And respectively adopting an X-ray diffraction method and a field emission-scanning electron microscope method to analyze and characterize the components, the structure and the appearance of the product sample 3.
FIG. 6 is a diagram of Li prepared when the molar ratio of gallium to manganese is 1:9 and the carbonizing precipitant is sodium carbonate1.6Mn1.6O4XRD analysis characterization result chart of powder sample 3. As shown in fig. 3, the characteristic diffraction peaks at 2 θ ═ 18.8 °, 36.6 °, 38.3 °, 44.5 °, 48.7 °, 58.9 °, 64.7 °, 68.1 ° and 76.7 ° of product sample 3, demonstrating that the main component of product sample 3 produced is Li1.6Mn1.6O4. However, this sample appeared at 2 θ of 15.5 °, 20.9 °, 33.1 ° and 65.6 ° representing orthorhombic LiMnO, respectively2(010) crystal face of (A) and orthorhombic LiMnO of tetragonal system2Crystal plane of (103) and Li2MnO3Characteristic diffraction peaks of (020) and (-331) crystal planes (standard card (PDF Cardno.:73-0152, 2 theta ═ 20.9, 65.6 °)), the appearance of which confirms that the sample contains LiMnO of different crystal systems2And Li2MnO3And the impurities are mixed, so that the doping of the gallium element instead of the aluminum element introduces more impurity phases, and the purity of the sample is not improved.

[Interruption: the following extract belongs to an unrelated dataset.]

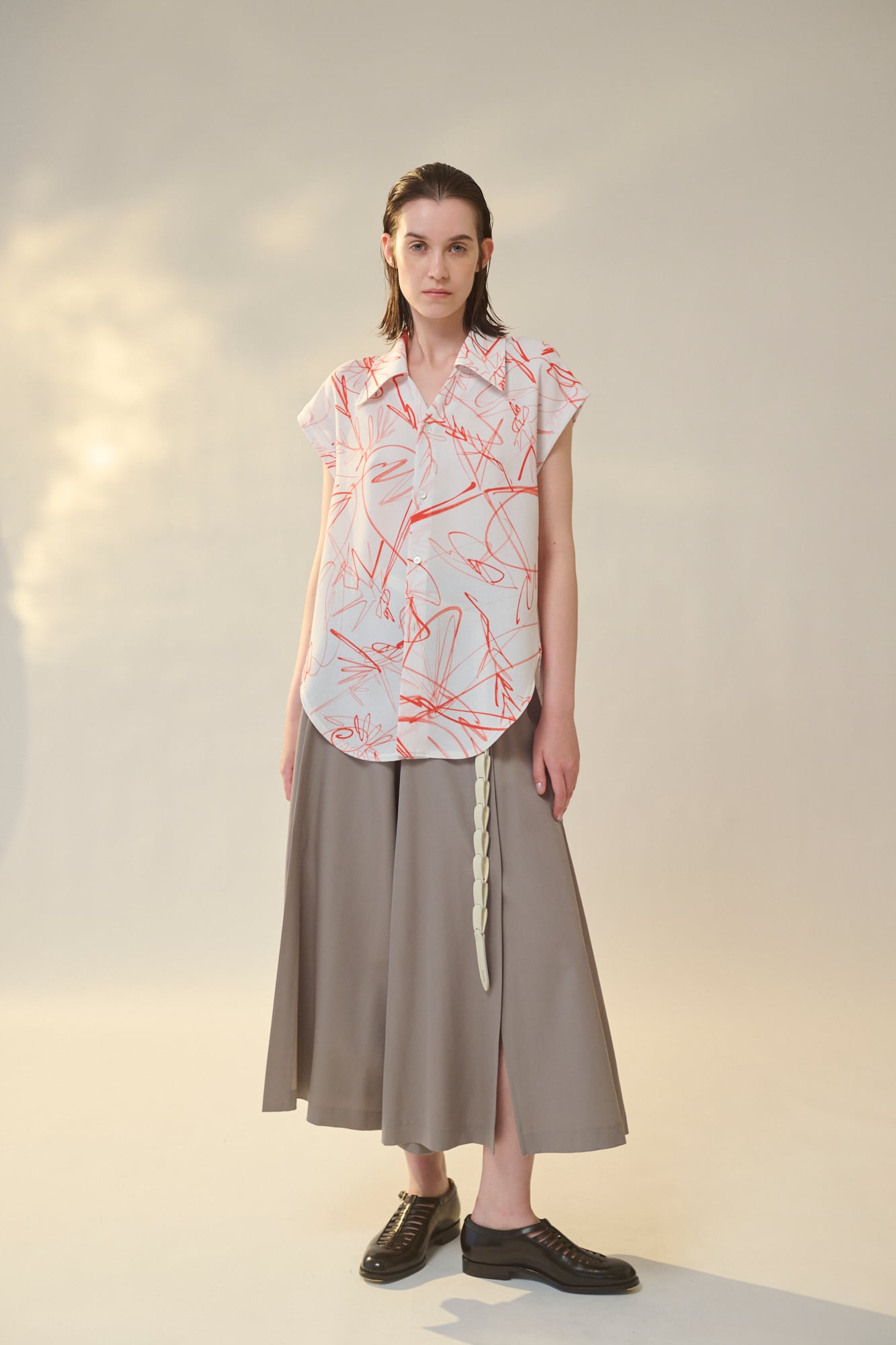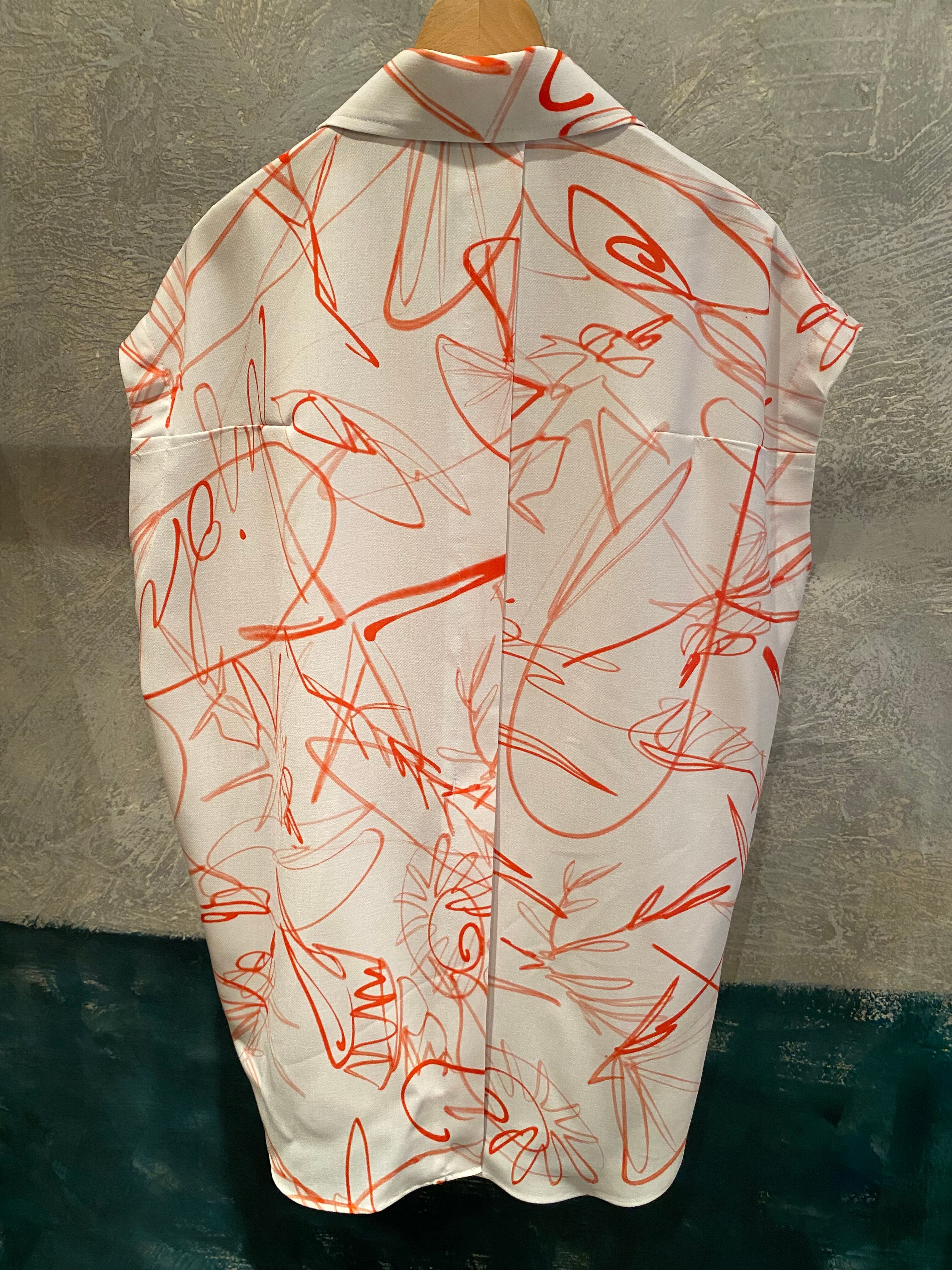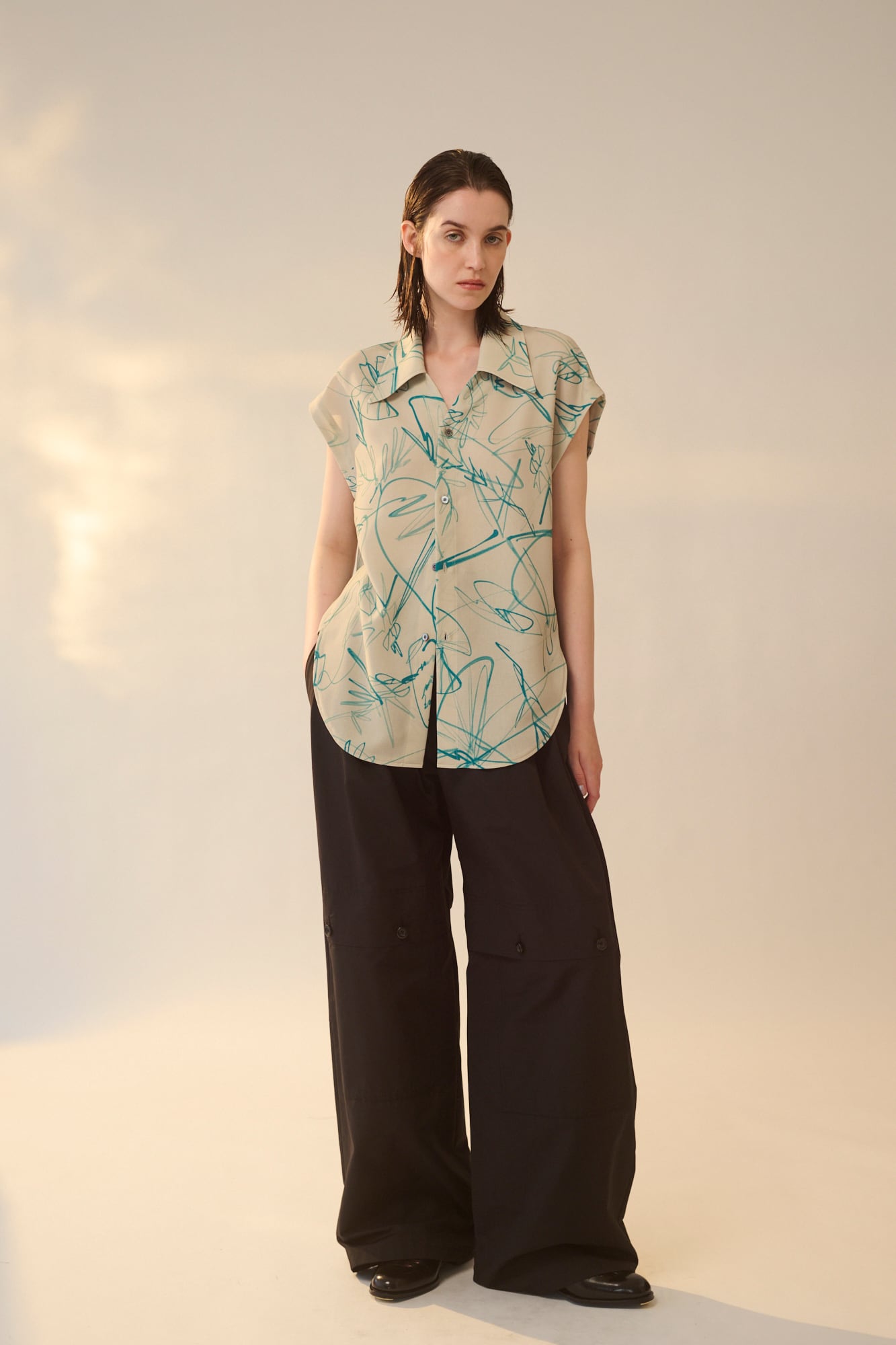 ストレッチツイル生地に、プリントを施した素材です。ビーチコーミングで拾い集めた貝殻と、夏の記憶を重ね合わせたモチーフを、一筆描きのようなラインで表現しました。繊細なドローイングがツイル特有の表情に映え、アート性の高いデザインに仕上がっています。

FIG. 7 is an FE-SEM image of product sample 3. As shown in FIG. 7, Li prepared after gallium doping1.6Mn1.6O4The powder sample is a porous, spherical powder having a particle diameter of about 1.2 μm and formed of caterpillar-like primary particles, and the surface of the sample has some poresExist, but are relatively dense.
Example 4
This example differs from example 1 in that: soluble aluminum salt is also added in the step (1), and deionized water is used for preparing 400mL of mixed solution with the total concentration of metal ions of 0.3M from industrial-grade aluminum salt and manganese salt, wherein the molar ratio of aluminum to manganese in the mixed solution is 1: 6.
The rest of the process of this embodiment is the same as that of embodiment 1, and thus, the description thereof is omitted. The product obtained from this example preparation is designated product sample 4.
And respectively adopting an X-ray diffraction method and a field emission-scanning electron microscope method to analyze and characterize the components, the structure and the appearance of the product sample 4.
FIG. 8 shows Li prepared when the molar ratio of Al to Mn is 1:6 and the carbonizing precipitant is sodium carbonate1.6Mn1.6O4XRD analysis characterization result chart of powder product sample 4. As shown in fig. 8, product sample 4 exhibited characteristic diffraction peaks representing the (111), (311), (222), (400), (331), (511), (440), and (531) crystal planes at 2 θ ═ 18.8 °, 36.6 °, 38.3 °, 44.5 °, 48.7 °, 58.9 °, 64.7 °, and 68.1 °, respectively, as compared with the standard card, demonstrating that product sample 4 was produced as Li1.6Mn1.6O4. In addition, the diffraction pattern b of fig. 8 represents orthorhombic LiMnO at 2 θ of 15.4 °2Characteristic diffraction peaks of (010) crystal plane and representative of Li at 2 θ of 20.9 ° and 65.6 °2MnO3The characteristic diffraction peaks of the (020) and (-331) crystal planes of (A) are very weak, indicating that the sample has a very small amount of LiMnO2And Li2MnO3The impurity, however, showed a small amount of impurities because of its very weak peak intensity of characteristic diffraction.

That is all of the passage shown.